No matter if it’s your first experience purchasing health insurance (#adulting), losing employer-provided coverage or retiring early; knowing the cost of individual policies is vitally important.
Premium costs vary widely based on factors like your age and location. Thanks to the Affordable Care Act (ACA), gender or preexisting conditions no longer play an impactful role when it comes to setting premium costs.
Bronze plans offer lower monthly premiums but higher out-of-pocket expenses; their average medical deductible for single persons stands at $4,500 while for families it can exceed $9,000.
Consider selecting a Bronze plan if you don’t anticipate needing significant healthcare and are seeking an economical way to meet the individual mandate. However, be aware that any time an injury arises or medication is prescribed you’ll likely pay full price until reaching your deductible amount.
Expanded Bronze Plans enable you to pay fair prices for certain essential health benefits even before reaching your deductible, making them an appealing option for those comfortable with higher deductibles but wanting additional robust coverage to satisfy the individual mandate.
Silver plans generally cost less per month than Bronze plans but more than Gold plans unless you qualify for premium tax credit subsidy. Your out-of-pocket expenses depend on what services you utilize; for instance, if you sustain a head injury playing flag football and visit the emergency room as a result, those costs could become prohibitive even with a Silver plan in place.
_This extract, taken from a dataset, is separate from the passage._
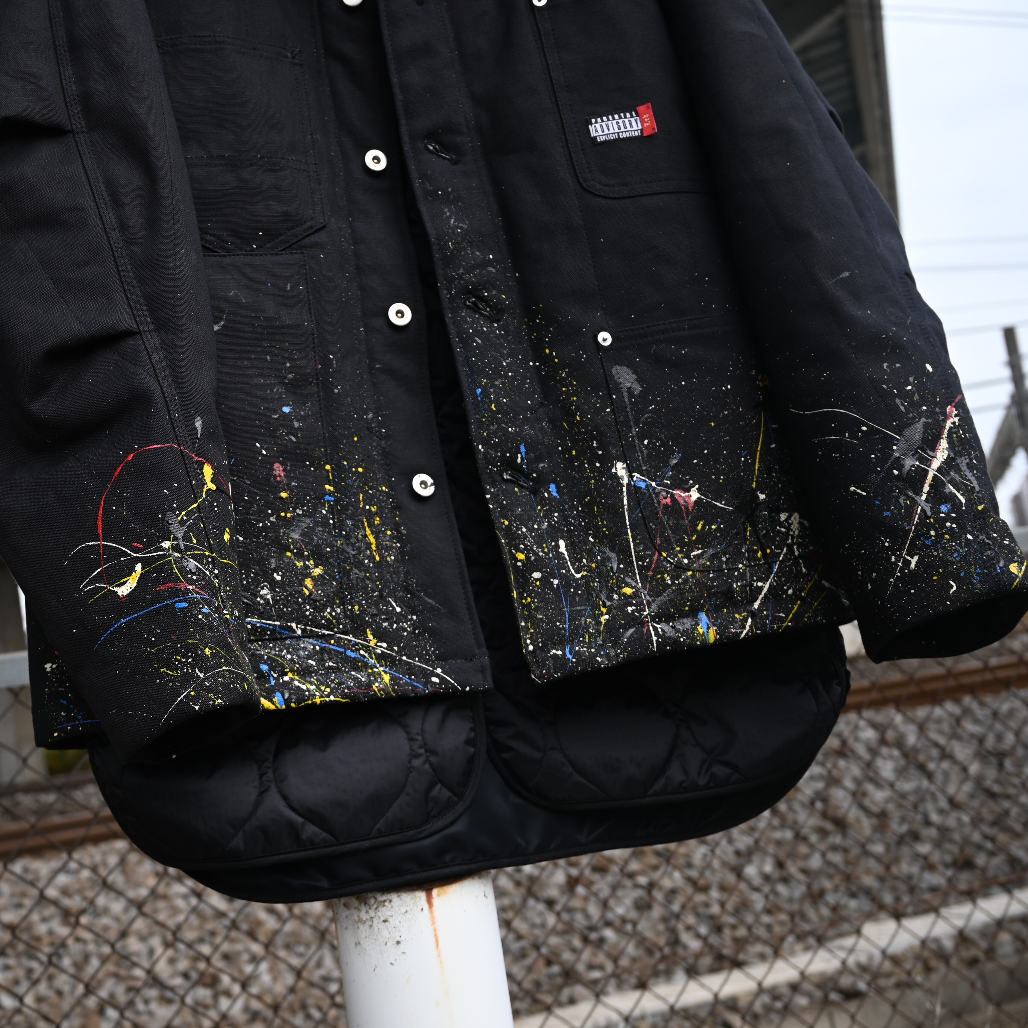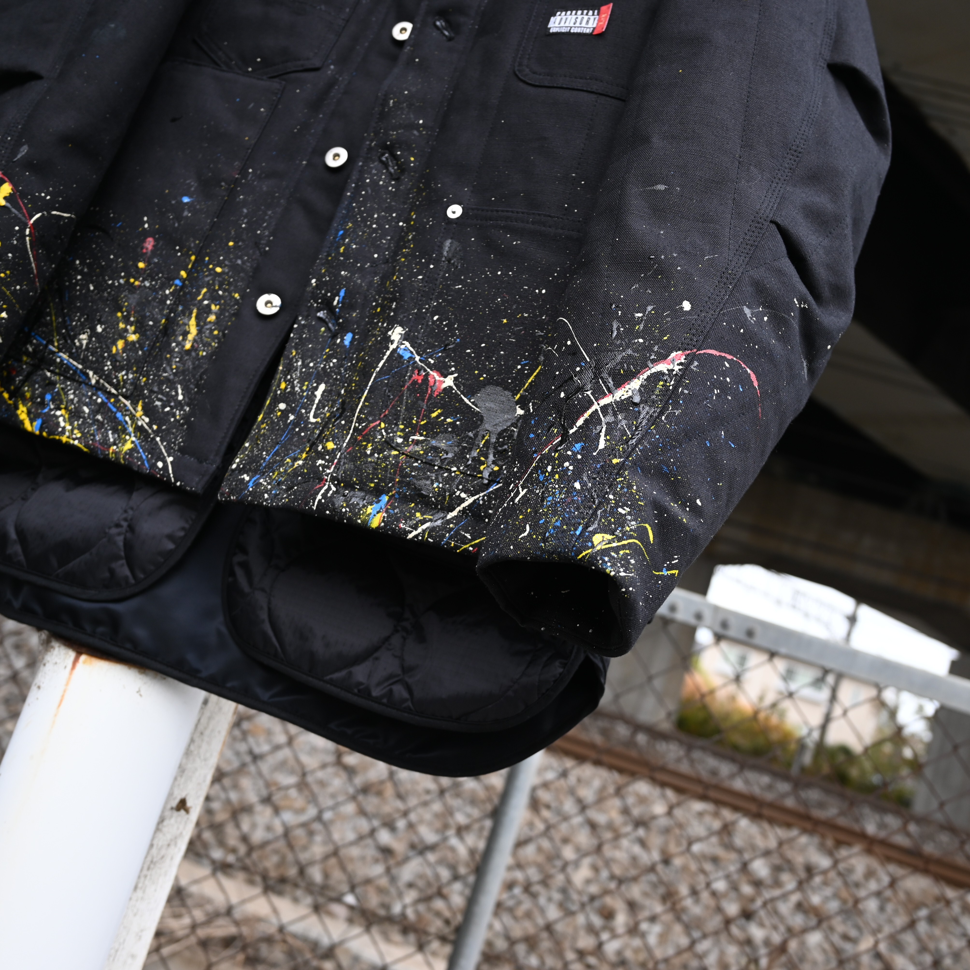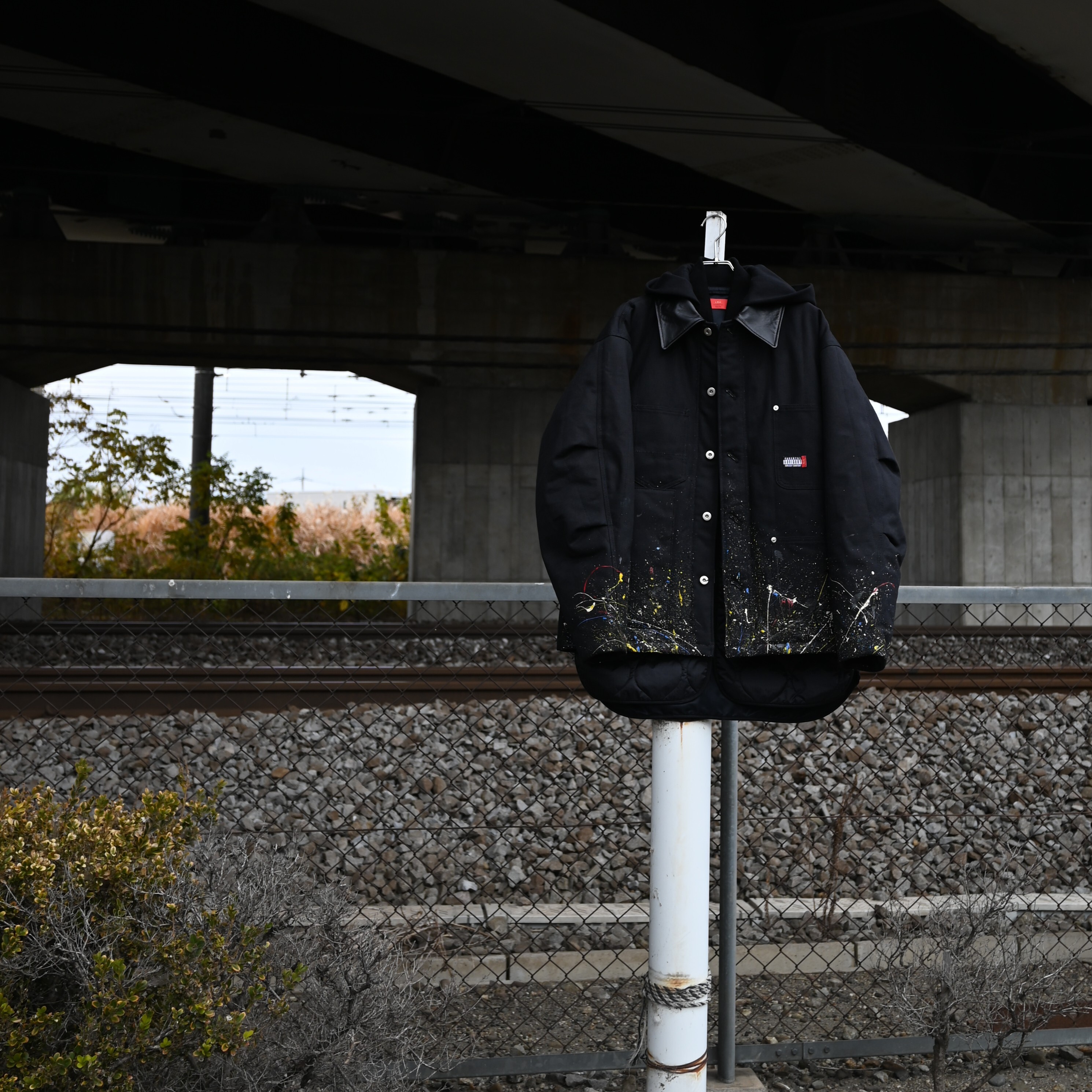 ペンキ加工により全てが1点物の「キルティングドッキングカバーオールブルゾン」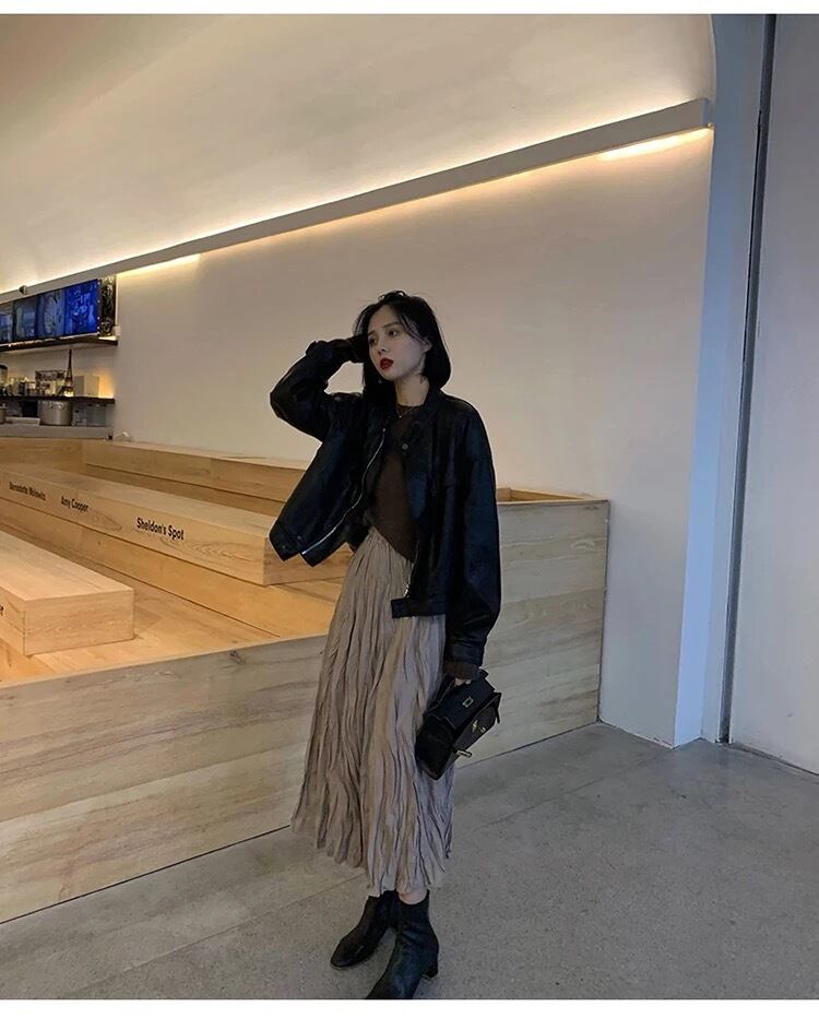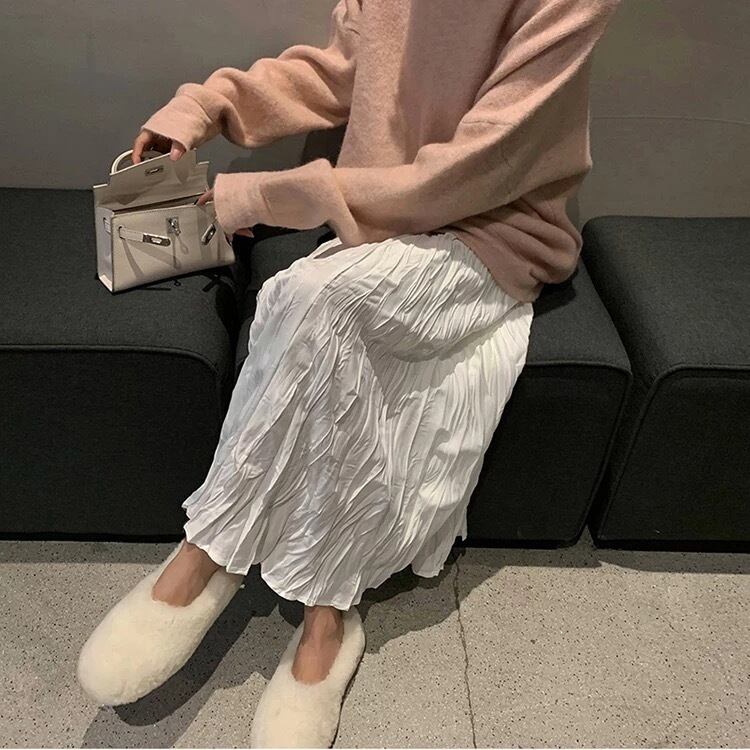 レディース 女性 用 韓国 海外 プチプラ 服 おしゃれ かわいい かっこいい カラー コーデ きれいめ きれい目 上品 スカート ミモレ ロング 丈 シワ しわ 皺

Silver plans are like the minivan of metal tier plans: With moderate monthly payments (premiums) and reduced healthcare costs when you need care, as well as potential cost-sharing reductions that may help save even more on deductibles, copayments and coinsurance premiums.
The gold plan is an option for individuals looking for reduced out-of-pocket expenses when using their health insurance plan. While all plans may have the same actuarial value, each may come with different deductibles, copays, and coinsurance costs that will differ based on which policyholder chooses it.
Consider that gold-tier plans tend to offer higher out-of-pocket limits than Bronze and Silver plans, meaning that they typically cover more of your medical expenses, though it’s still important to budget properly.
Overall, making the right decision requires considering your willingness to pay on a monthly basis for less costly healthcare services when they become necessary. Keep in mind that qualifying individuals or families who purchase Silver plans during either Open Enrollment Periods or Special Enrollment Periods could even qualify for premium tax credits!
Platinum plans tend to have lower deductibles and copayments than their metal tier counterparts, and in 2023 are projected to have the lowest average monthly premium due to record affordability and premium tax credits. But keep in mind that an actuarial value indicates how many of your medical costs the plan will cover for an average person – your individual costs could differ substantially.
Each plan tier provides you with a maximum payment in any given year before your insurance company begins covering 100% of in-network care services. A Bronze plan usually offers higher maximum limits, while Platinum usually offers the least. If you anticipate using health care services frequently, selecting either Silver or Gold plans could save money overall on annual costs.